= Tricornenses =

Roman-era community in Moesia Superior

The Tricornenses or Tricornienses were a community of the Roman province of Moesia Superior, settled on the south bank of the Danube downstream from Singidunum (modern Belgrade). They formed a civitas named after Tricornium (modern Ritopek in Serbia), a fort and settlement on the Danube. They are recorded by the geographer Ptolemy in the early 2nd century and by a Roman military diploma of 120 AD. The linguistic affiliation of the name is disputed, and it has been claimed as both Celtic and Thracian.

== Name ==
The people are recorded by Ptolemy, who lists them as Trikornēnsioi (Τρικορνήνσιοι; var. Τρικονήνσιοι, Τρικαρνήνσιοι and Τρικορνίσιοι) among the peoples of Moesia Superior. A Roman military diploma of 120 AD gives the origin of a woman as Tricorn(ensi). A fragmentary bronze tabula ansata of the 1st century, of unknown provenance, has been restored by Zsolt Mráv as reading [Tric]orne(n)sìum, which would record a votive donation belonging to the Tricornenses, although he notes that the same letters could instead refer to the Cornenses, the inhabitants of Cornus in Sardinia.

The name is formed from the place-name Tricornium (modern Ritopek) with the Latin suffix -enses, and so designates the inhabitants of that place. The linguistic affiliation of the name is disputed. Alexander Falileyev regards it as probably Celtic, but cautions that such as a compound could also have been coined in another language of the central Balkans. Aleksandrina Cermanović-Kuzmanović considered it Thracian. Miroslava Mirković described the Tricornenses as a mixed Celtic and Thracian people.

== Geography ==
The Tricornenses occupied a stretch of the right bank of the Danube in the north-west of Moesia Superior, downstream from Singidunum. Their centre was the fort and settlement of Tricornium, the ancient name of Ritopek, east of Belgrade. In the imperial period an auxiliary unit was stationed there and a substantial non-urban settlement grew up around it. The fort remained in use into late antiquity, when it appears as Tricornia Castra. An inhabitant of Tricornium named Strambus is recorded on a monument at Smederevo, further down the Danube.

By the early 2nd century the civitas lay near the boundary with Dalmatia, on the western edge of the province, with the Picenses downstream around the fort of Pincum, at the mouth of the Pek, and the Moesi and Dardani to the east and south.

== History ==
The territory later associated with the Tricornenses lay in the central Balkan zone occupied by a mix of Thracian, Illyrian and Celtic populations, to the south-east of the Scordisci. The place-name Tricornium belongs to the layer of possibly Celtic toponyms of this region, although its attribution is not secure. No people of this name is recorded before the Roman period.
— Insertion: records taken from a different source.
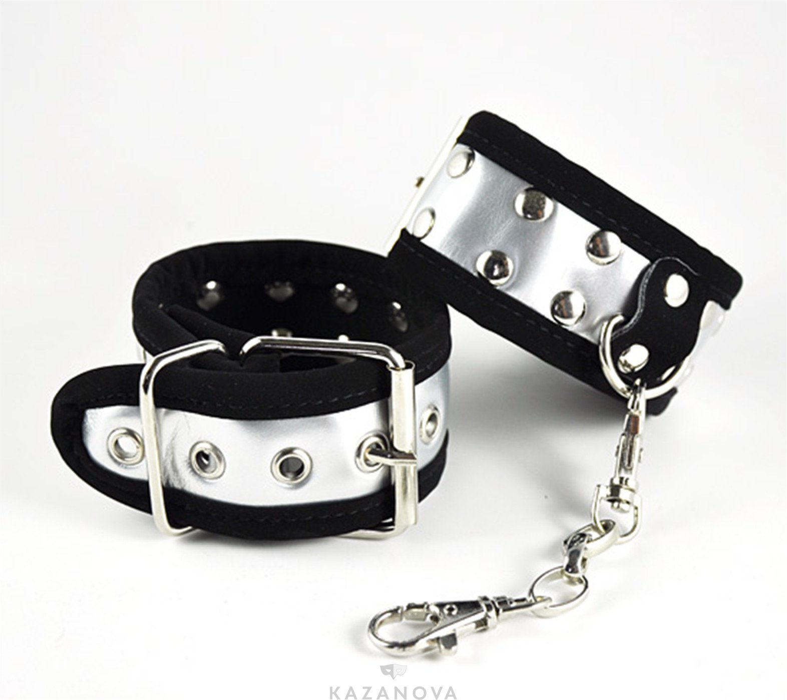 Черные наручники с серебристым декором идеально подходят для бондажа и фиксации.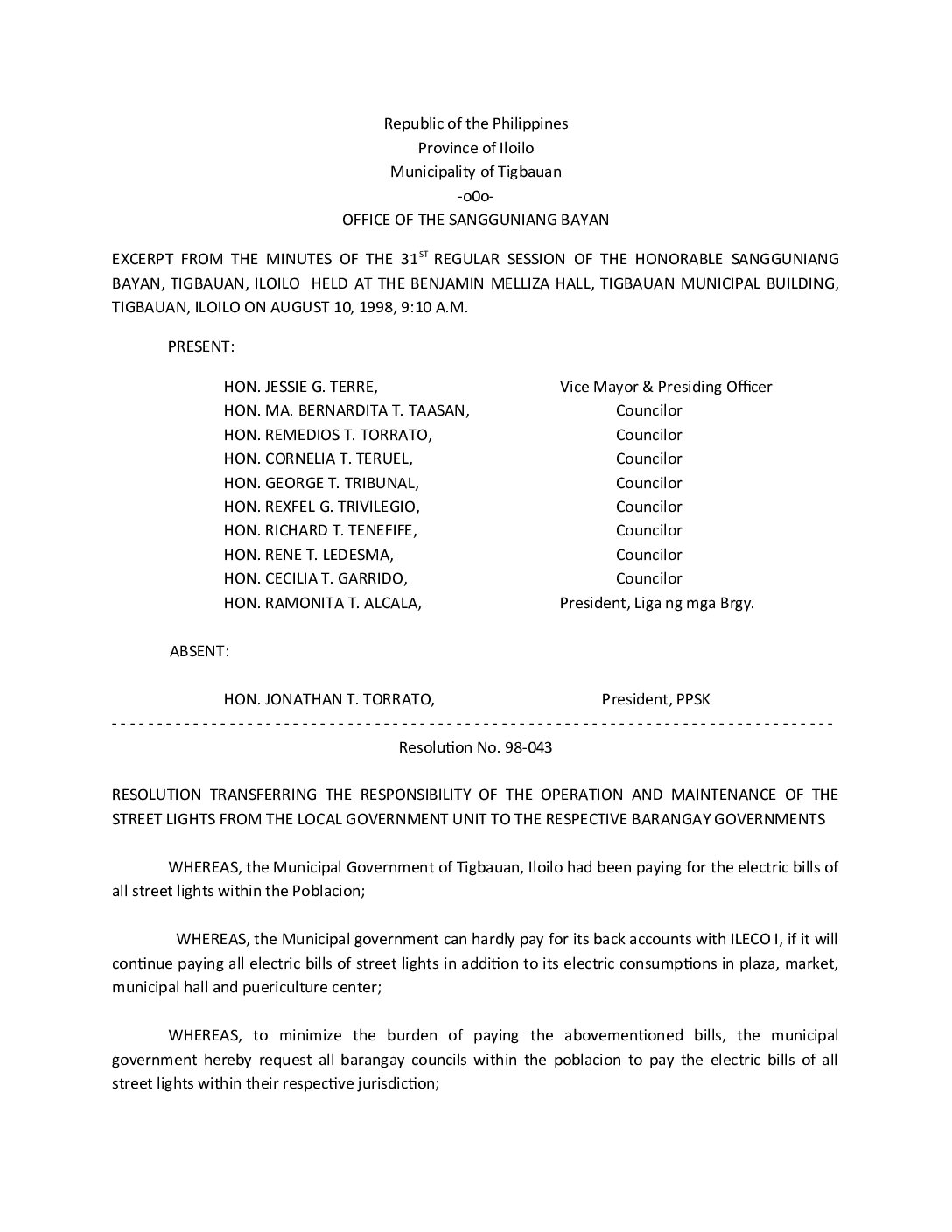 Resolution No. 98-043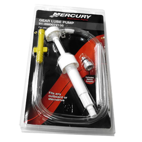 マーキュリーギアルーブポンプ【91-8M0072135】★946ml ギアオイル(92-858058K01)ボトル用のポンプとなります。 マーキュリー製 32oz(946ml)ボトルに取り付けて使用するギアオイル交換用のハンドポンプです。 付属のネジ山変換アダプターを併用することで、ほとんどのマーキュリー船外機及びスターンドライブのギアハウジングに適合します。 また、付属のネジ山変換アダプター使用し、ヤマハ・トーハツ・ホンダなどのM8-P1.25ネジサイズのギアケースに使用する事も可能です。(一部例外機種があります。) ◆ MERCURY 946ml(32oz)ボトル用 ◆ 対応ギアオイルドレン穴ネジサイズ: 3/8インチ-P16 及び M8-P1.25(付属変換アダプター使用) ※MERCURY船外機 2~30馬力などでMade in Japanモデルは付属の[M8-P1.25ネジ山変換アダプター]をご使用ください。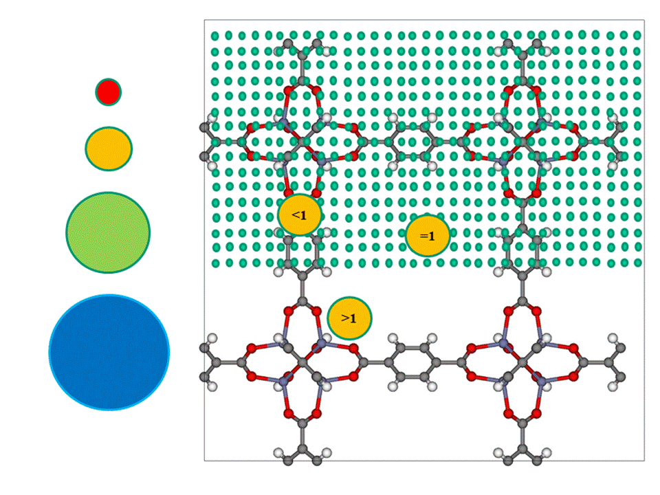 Aiming at both, the transferability of our model and the reduction of the training data set, we introduce 2 different classes of descriptors, based on fundamental chemical and physical properties: Atom Types [1] and Atom Probes [2] (figure). The main difference from previous models is that our descriptors are based on the chemical character of the atoms which consist the skeleton of the materials and not their general structural characteristics. With this bottom up approach we go one step down in the size of the descriptors employing chemical intuition.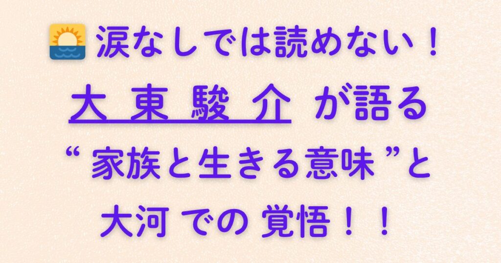 🌅涙なしでは読めない!大東駿介が語る“家族と生きる意味”と大河での覚悟!!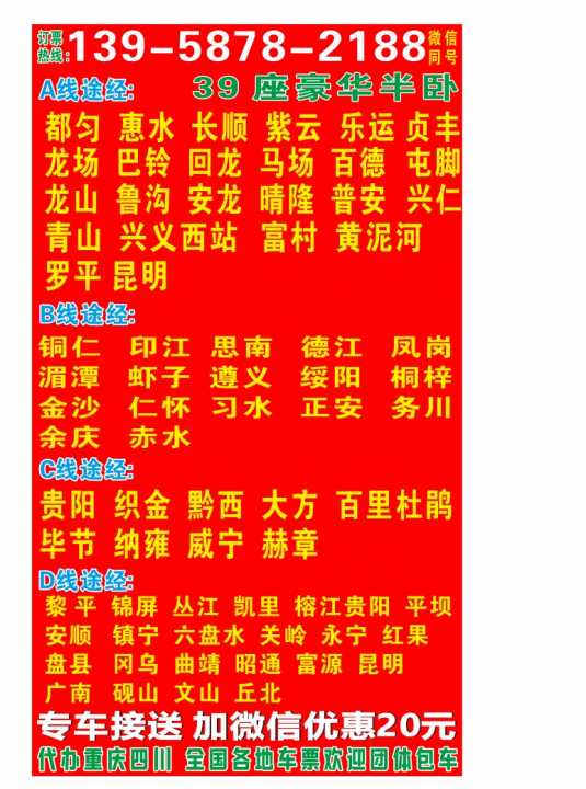 途径都匀,惠水,长顺,紫云,乐运,白层,贞丰,安龙,龙场,巴铃,鲁沟,屯脚,回龙,马场,兴仁,兴义,普安,册亨,望谟,威舍,富村,黄泥河,罗平,昆明,云贵川全省,专车免费接送,加微信优惠20元,微信同号,地址,白象老车站旁边,黄兴路24号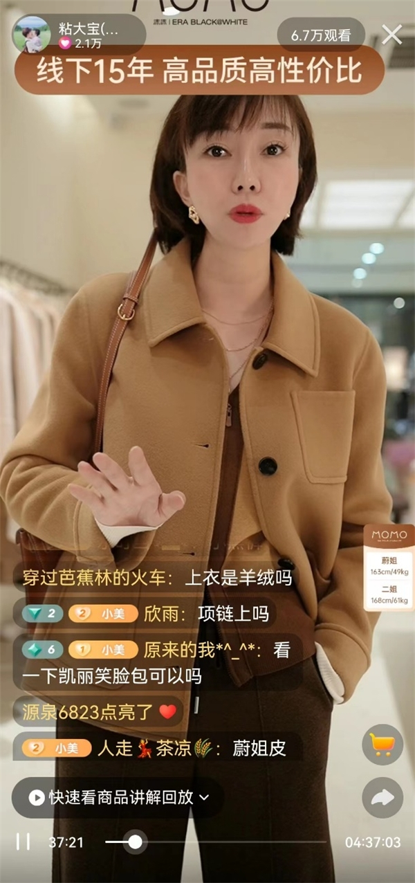 “新客是源源不断的,将新客转为老客才是长效增长的重点。”为促进粉丝留存,陈蔚会不断通过视频评论、直播互动、粉丝群沟通、售后反馈等各渠道,洞察用户需求,使MOMO ERA的新品不断满足用户的喜好。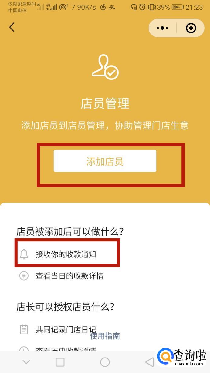 点击门店日志后,我们可以看到店员管理,如图所示,添加店员可以让添加的店员一起接受整个店铺的收款通知,我们点击添加店员。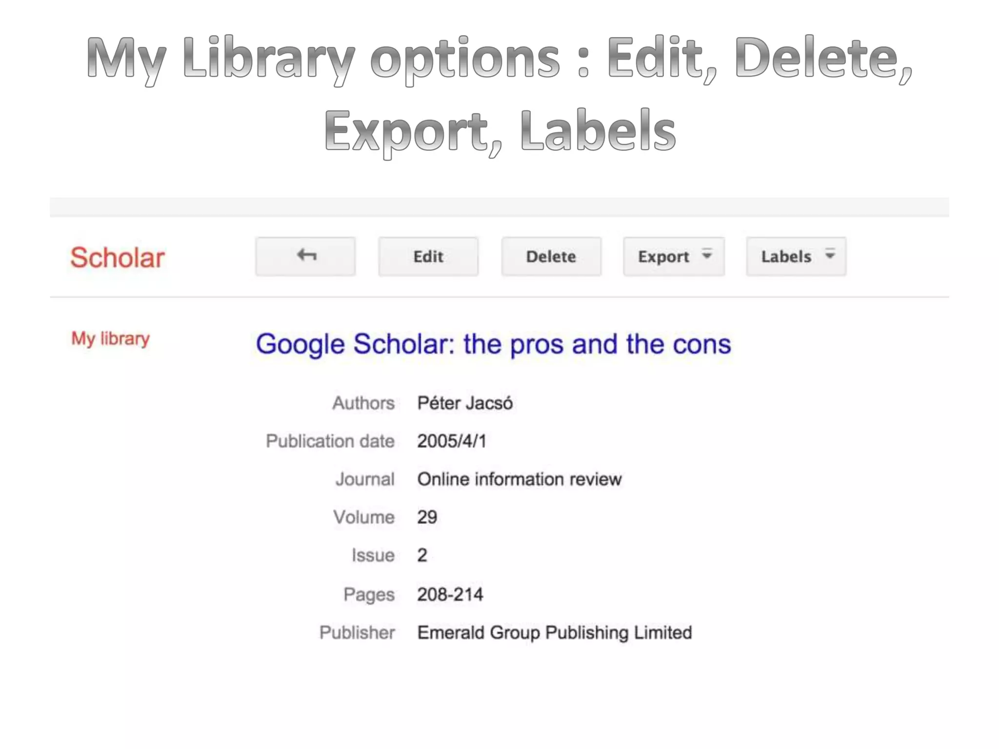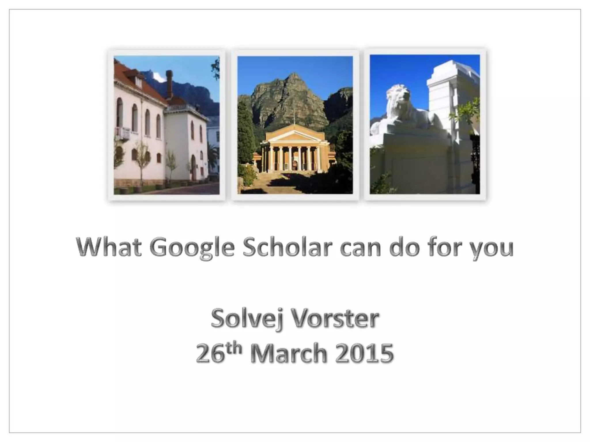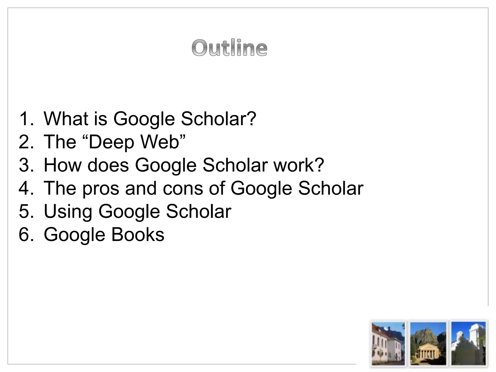 This document provides an overview of Google Scholar, including what it is, how it works, its pros and cons, and how to use it. Some key points:

The earliest Roman enumeration of the peoples of Moesia, dating to the reign of Tiberius, does not include the Tricornenses. They appear only later, by the early 2nd century, in place of the earlier Celegeri and Timachi. According to András Mócsy, the civitas was named after the Danube fort of Tricornium and was created in the course of a gradual reorganisation of the province's civitates peregrinae, probably connected with the resettlement of large numbers of people from the left bank of the Danube. He places this reorganisation before the division of Moesia in 86 AD, dating it either to about 46 AD, when the governor Tullius Geminus was settling territorial affairs, or to the governorship of Tiberius Plautius Silvanus Aelianus under Nero.

Like the other native communities of Moesia and Pannonia, the civitas was placed under military supervision. Such communities were administered through praefecturae held by senior legionary centurions (primipili) or by the commanders of auxiliary units stationed within or near their territory.

The settlement at Tricornium shared in the trade of the Danube provinces. A fragment of stucco bearing the stamp of Pacatus, a potter of Aquincum, was found there, one of the few attestations of that workshop's products outside Pannonia.